On some days the doctor would call down to other floors and let us shadow doctors there. Some of the best days I had were in surgery and neonatology. I already talked a little about my experience in neonatology and seeing some C-sections but on our last day we also got to see two live births. One didn’t go so smoothly and the girl (she was younger than me) needed immediate attention so I held her hands and tried to calm her down, although I can’t even begin to comprehend the amount of pain/terror she was feeling. I accompanied the doctor and patient into the OR and got to assist in the process of stopping the bleeding and tried to keep her calm when she woke up again. The adrenalin rush lasted the rest of the day and there were moments where I was seriously concerned for the life of the baby and mother.

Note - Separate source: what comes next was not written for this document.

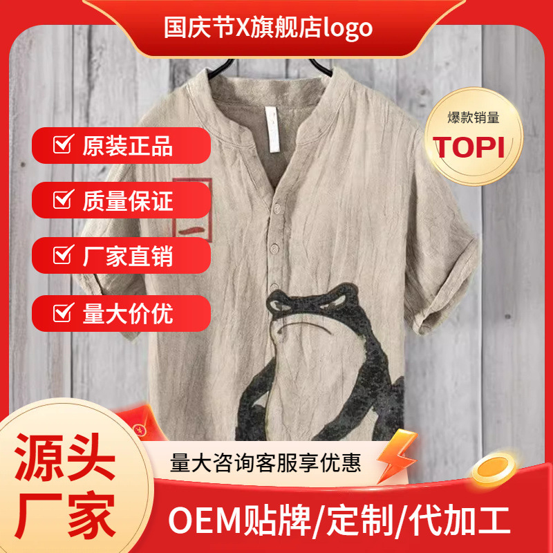 2025国境を越えた新しい夏の男性半袖tシャツ欧米の男性服と帽子の上着の対外貿易アメリカのヘンリーのシャツ
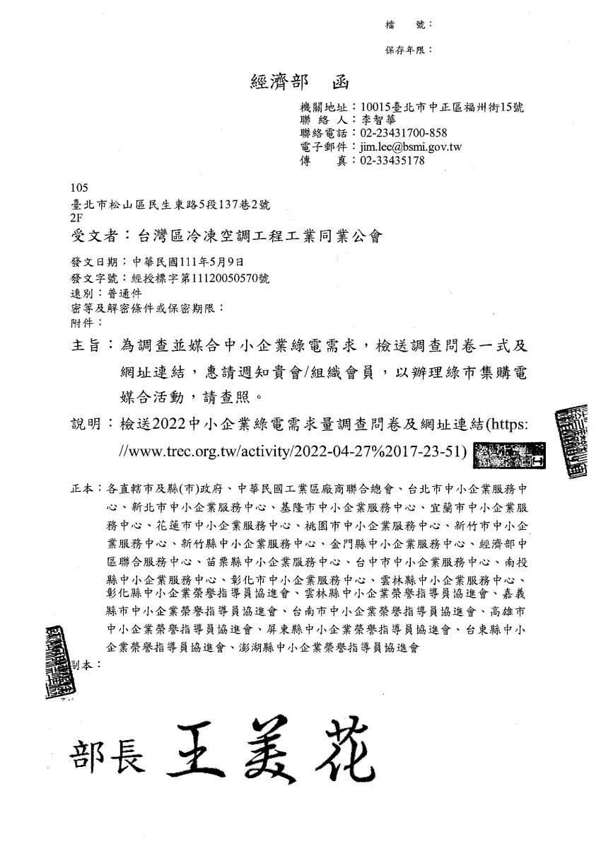 經濟部-「2022中小企業綠電需求量調查問卷」,請參閱

It didn’t help that the mother kept screaming that she was going to die, which at first I’m pretty sure was just the drama of labor, but then I got worried because I had never seen that much blood in my entire life. What I remember the most from it all was the smell of the blood. It’s has a very distinct smell, which I had never realized until then. I’m glad I was there to comfort her because all the doctors were too busy trying to stop the bleeding and no one else was there to calm her fears. I’m not sure I was much help but the least I could do was hold her hands, tell her to keep breathing, and let her know her son was healthy and safe. It was an intense afternoon and I left the hospital a little shaken but thankful that both mother and child were stable at the end of the ordeal.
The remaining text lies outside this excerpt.